• [ACTION ITEM]:
Retype the data below exactly, skipping pictures.

• [SOURCE DATA]:
****************

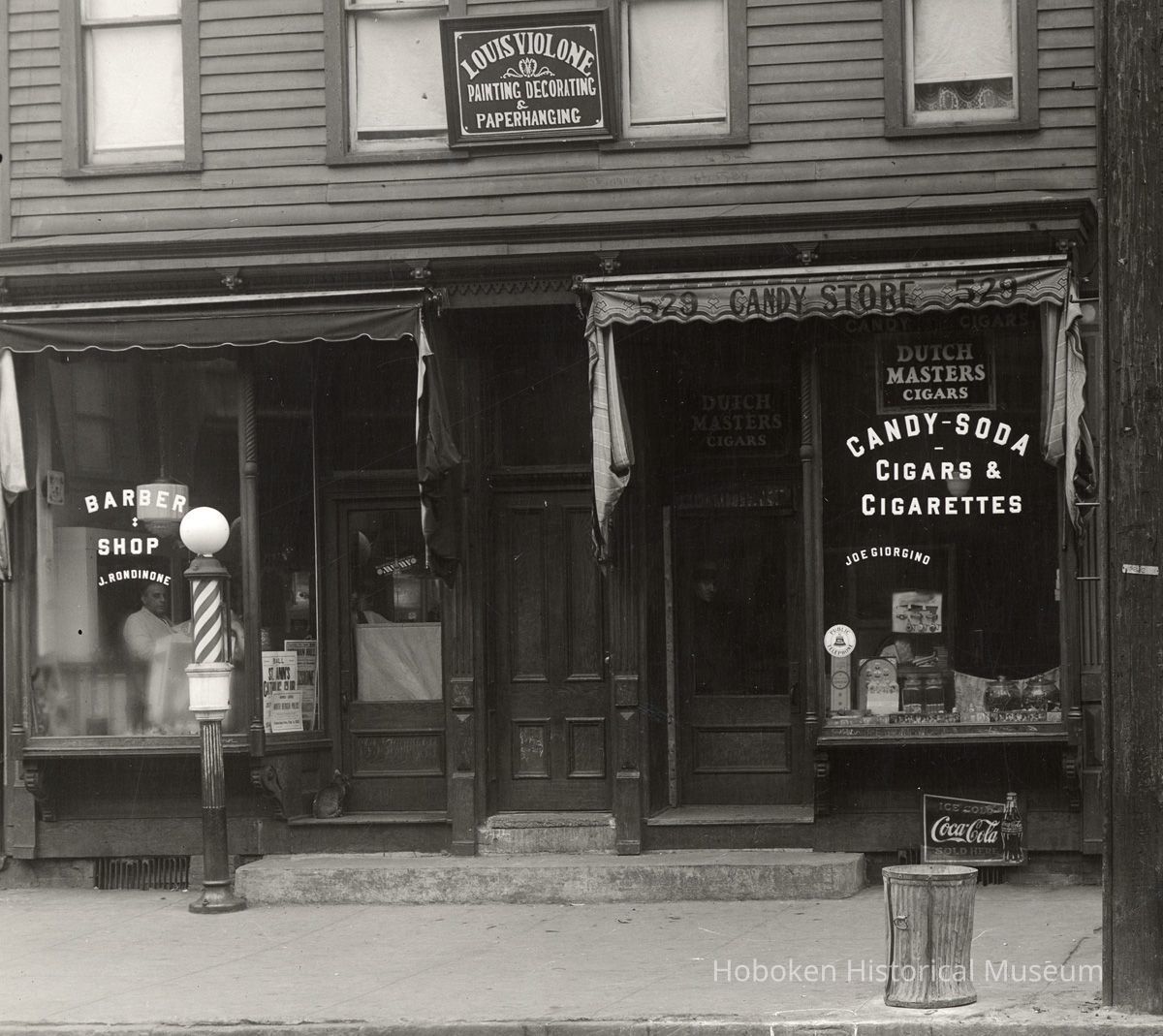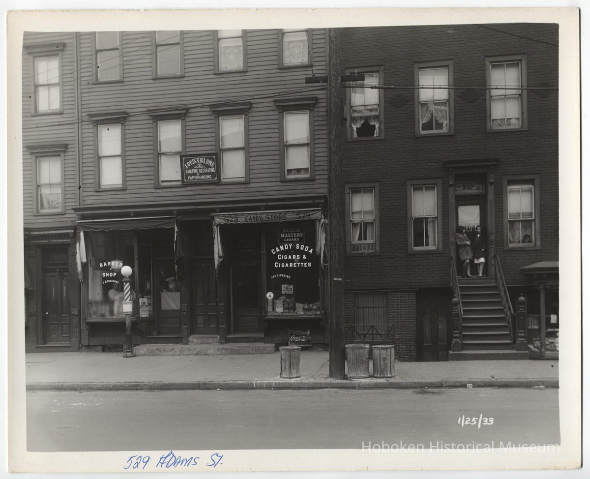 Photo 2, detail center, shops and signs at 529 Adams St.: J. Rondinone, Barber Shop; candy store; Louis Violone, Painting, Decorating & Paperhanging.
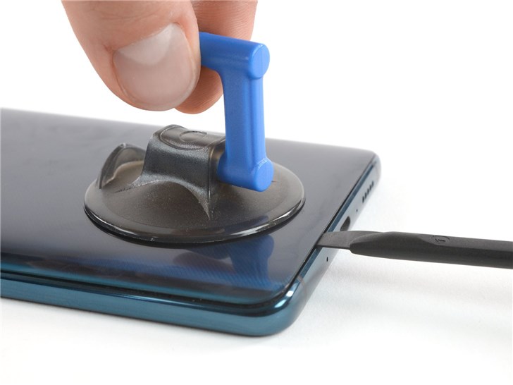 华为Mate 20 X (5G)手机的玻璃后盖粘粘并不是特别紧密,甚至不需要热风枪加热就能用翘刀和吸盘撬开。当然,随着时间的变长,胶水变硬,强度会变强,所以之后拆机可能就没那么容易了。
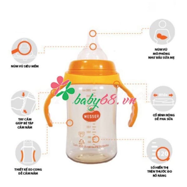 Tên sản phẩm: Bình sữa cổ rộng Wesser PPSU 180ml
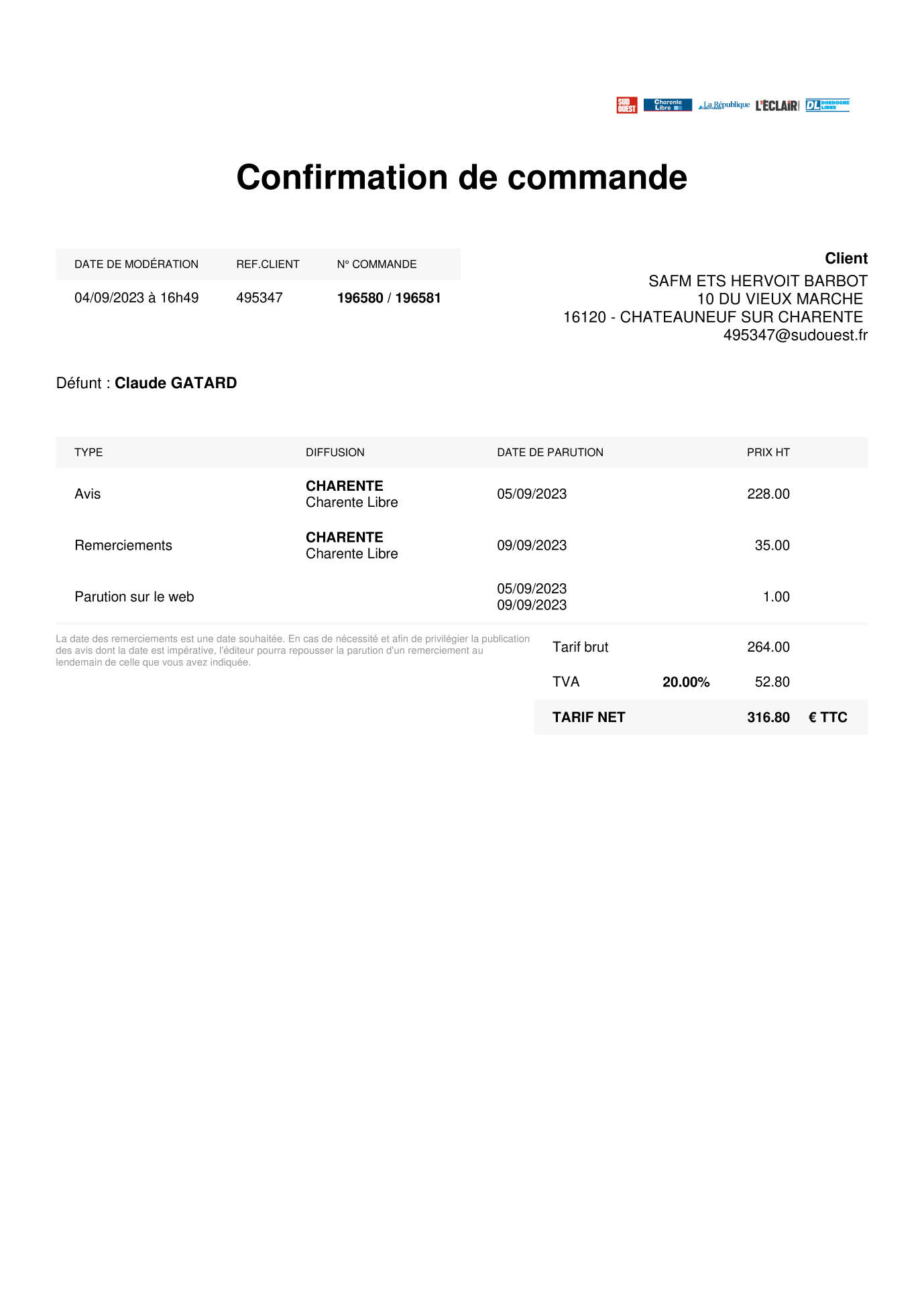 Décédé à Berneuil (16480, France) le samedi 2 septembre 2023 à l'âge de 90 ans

****************

• [OUTPUT OF THE TASK]:
 Photo 2, detail center, shops and signs at 529 Adams St.: J. Rondinone, Barber Shop; candy store; Louis Violone, Painting, Decorating & Paperhanging.
 华为Mate 20 X (5G)手机的玻璃后盖粘粘并不是特别紧密,甚至不需要热风枪加热就能用翘刀和吸盘撬开。当然,随着时间的变长,胶水变硬,强度会变强,所以之后拆机可能就没那么容易了。
 Tên sản phẩm: Bình sữa cổ rộng Wesser PPSU 180ml
 Décédé à Berneuil (16480, France) le samedi 2 septembre 2023 à l'âge de 90 ans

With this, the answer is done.